====== RECORDED INFORMATION ======

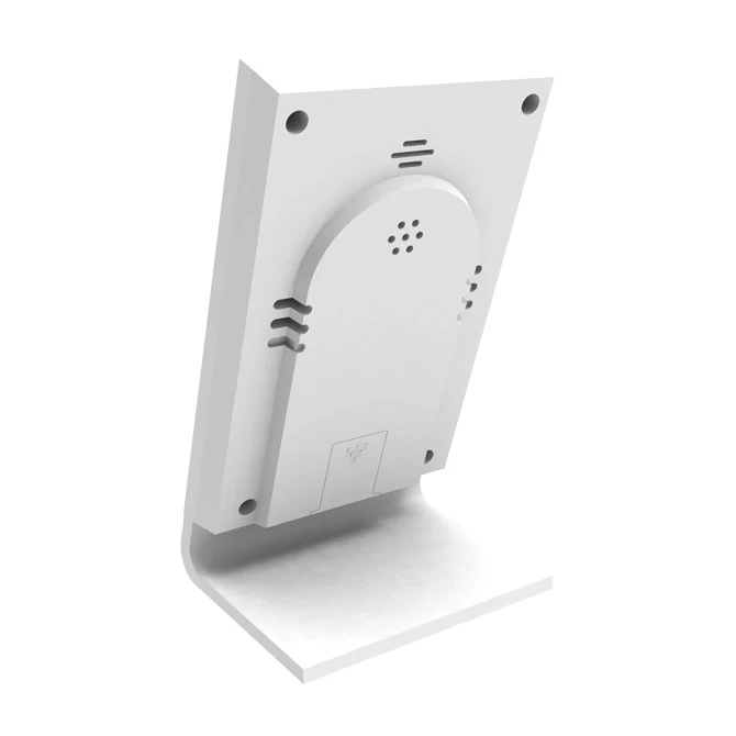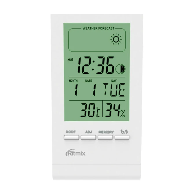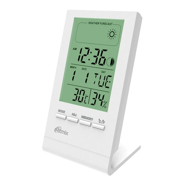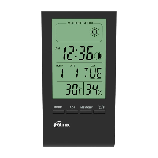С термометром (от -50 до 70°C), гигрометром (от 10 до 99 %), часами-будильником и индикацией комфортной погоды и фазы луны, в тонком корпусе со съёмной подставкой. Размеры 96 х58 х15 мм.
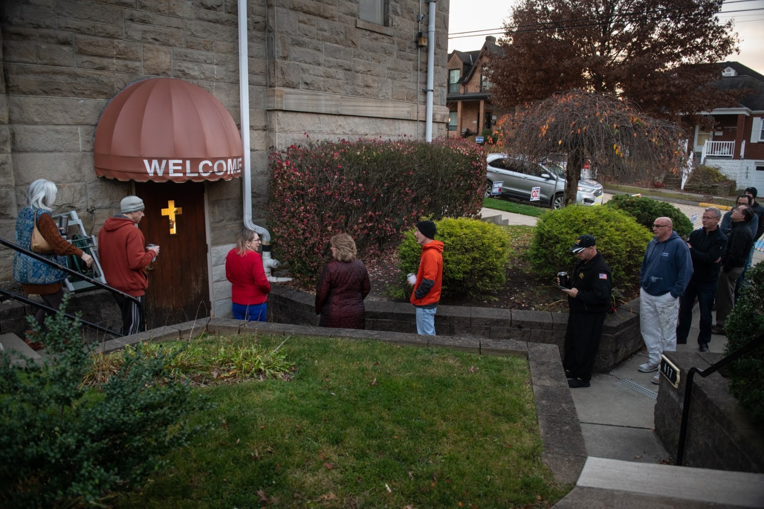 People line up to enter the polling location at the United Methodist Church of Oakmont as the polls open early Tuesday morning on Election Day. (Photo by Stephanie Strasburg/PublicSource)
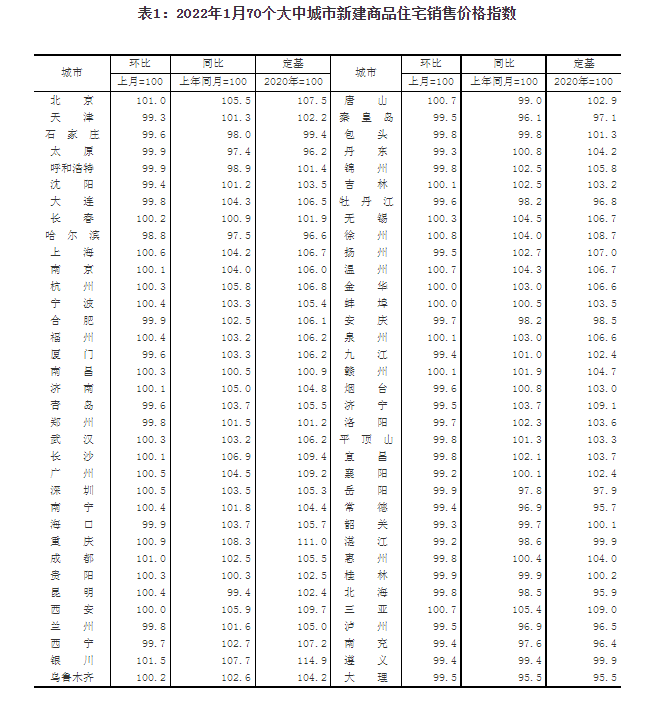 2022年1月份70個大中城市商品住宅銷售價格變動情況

======

**WORK TO BE COMPLETED**: Give back the listing exactly, with the pictures removed.

**SOLUTION BELOW**:
С термометром (от -50 до 70°C), гигрометром (от 10 до 99 %), часами-будильником и индикацией комфортной погоды и фазы луны, в тонком корпусе со съёмной подставкой. Размеры 96 х58 х15 мм.
 People line up to enter the polling location at the United Methodist Church of Oakmont as the polls open early Tuesday morning on Election Day. (Photo by Stephanie Strasburg/PublicSource)
 2022年1月份70個大中城市商品住宅銷售價格變動情況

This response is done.